↓

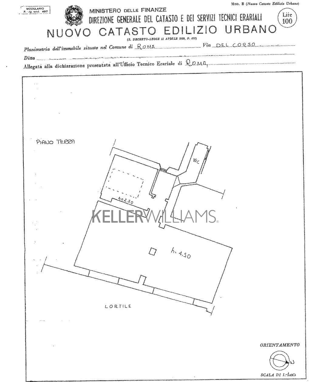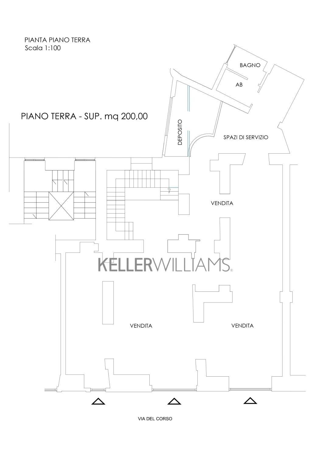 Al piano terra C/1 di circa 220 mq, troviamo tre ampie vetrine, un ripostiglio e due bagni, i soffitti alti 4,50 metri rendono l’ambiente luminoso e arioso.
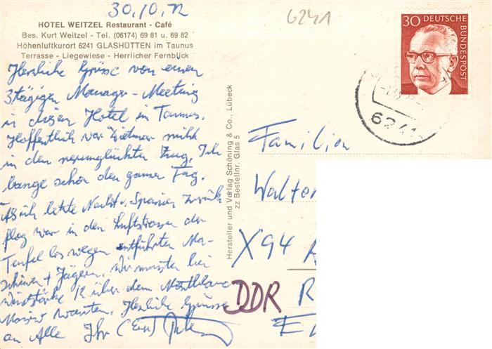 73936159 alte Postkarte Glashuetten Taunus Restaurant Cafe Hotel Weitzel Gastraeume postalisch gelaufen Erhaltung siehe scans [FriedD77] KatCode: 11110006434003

↑
↓

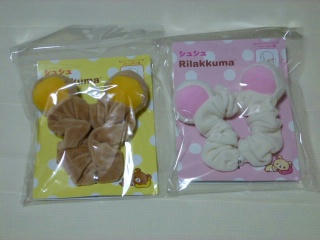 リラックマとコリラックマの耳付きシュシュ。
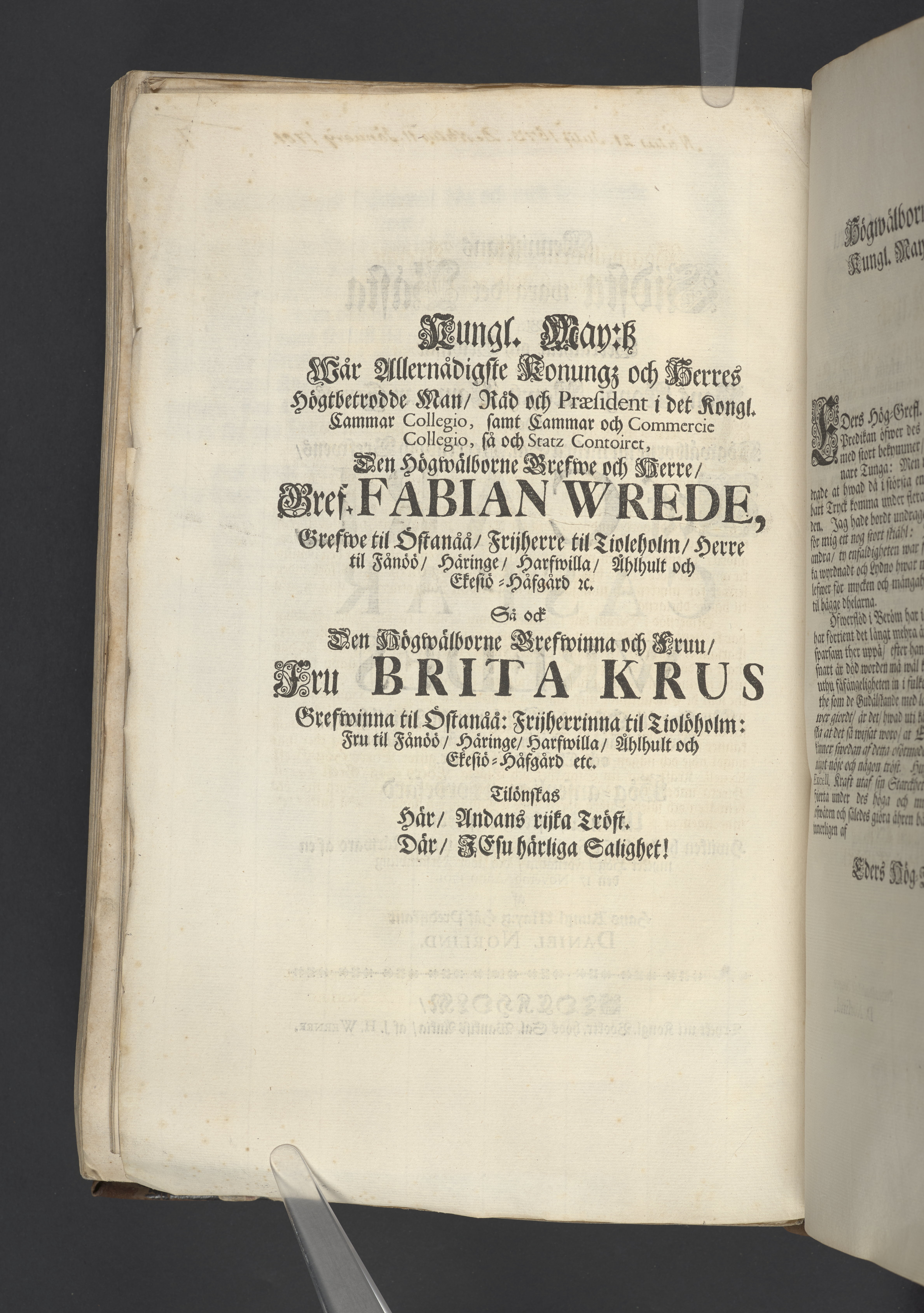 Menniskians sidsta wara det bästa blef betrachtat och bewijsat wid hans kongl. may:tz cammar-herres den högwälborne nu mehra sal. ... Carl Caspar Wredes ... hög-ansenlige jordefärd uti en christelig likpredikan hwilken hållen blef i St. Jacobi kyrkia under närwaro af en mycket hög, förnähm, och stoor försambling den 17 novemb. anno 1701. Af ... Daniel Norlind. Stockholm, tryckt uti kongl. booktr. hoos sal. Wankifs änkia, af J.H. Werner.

↑
↓

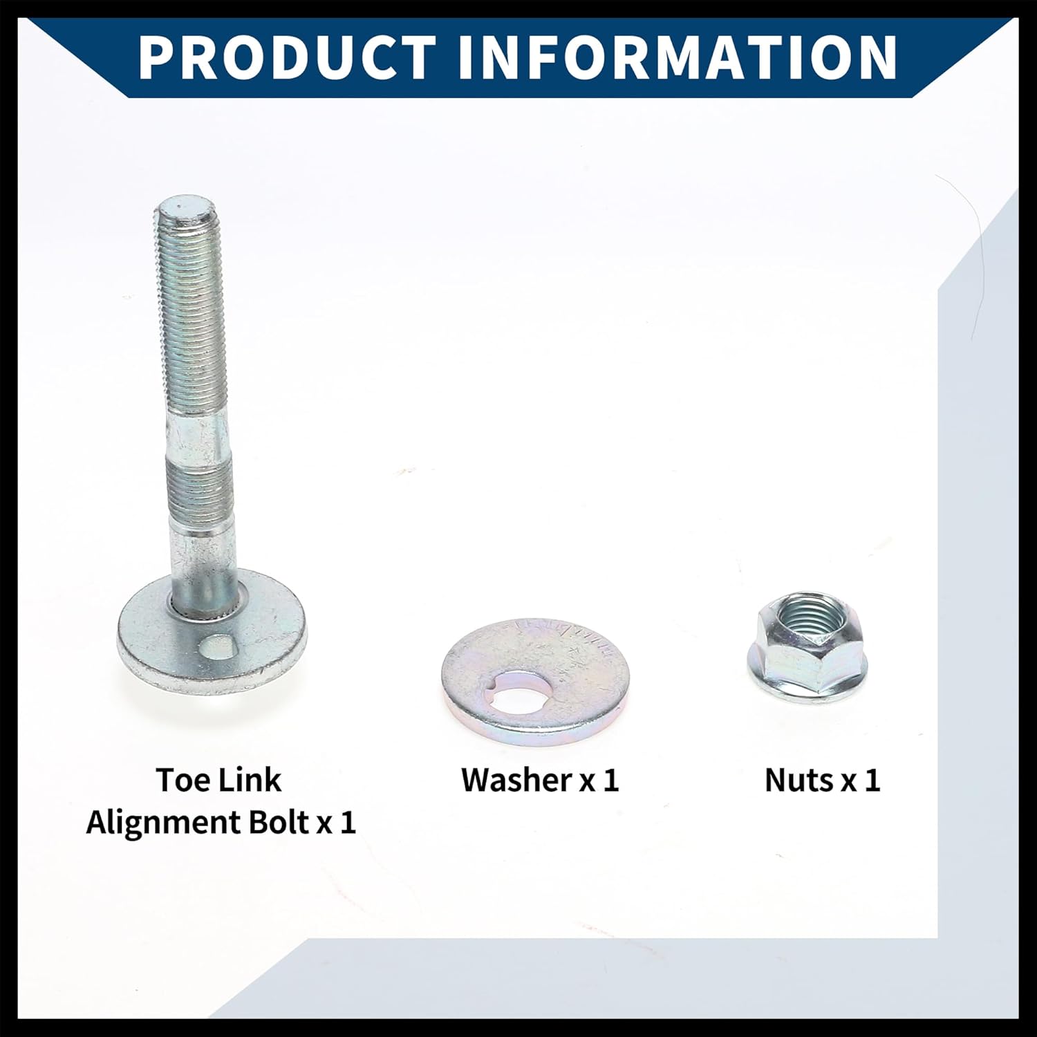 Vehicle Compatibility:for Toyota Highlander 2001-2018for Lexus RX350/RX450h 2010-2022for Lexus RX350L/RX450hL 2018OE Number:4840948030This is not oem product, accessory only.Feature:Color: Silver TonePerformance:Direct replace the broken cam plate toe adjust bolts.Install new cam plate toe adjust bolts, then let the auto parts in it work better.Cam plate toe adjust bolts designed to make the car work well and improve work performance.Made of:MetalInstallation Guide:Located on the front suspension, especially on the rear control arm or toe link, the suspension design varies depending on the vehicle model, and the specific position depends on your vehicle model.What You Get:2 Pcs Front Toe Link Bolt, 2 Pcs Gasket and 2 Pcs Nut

↑

| What is needed |
Give back exactly the lines above from the one with "Al piano terra" through the one with "73936159 alte Postkarte", both included. Pictures don't belong in the copy.

| Output for this task |
 Al piano terra C/1 di circa 220 mq, troviamo tre ampie vetrine, un ripostiglio e due bagni, i soffitti alti 4,50 metri rendono l’ambiente luminoso e arioso.
 73936159 alte Postkarte Glashuetten Taunus Restaurant Cafe Hotel Weitzel Gastraeume postalisch gelaufen Erhaltung siehe scans [FriedD77] KatCode: 11110006434003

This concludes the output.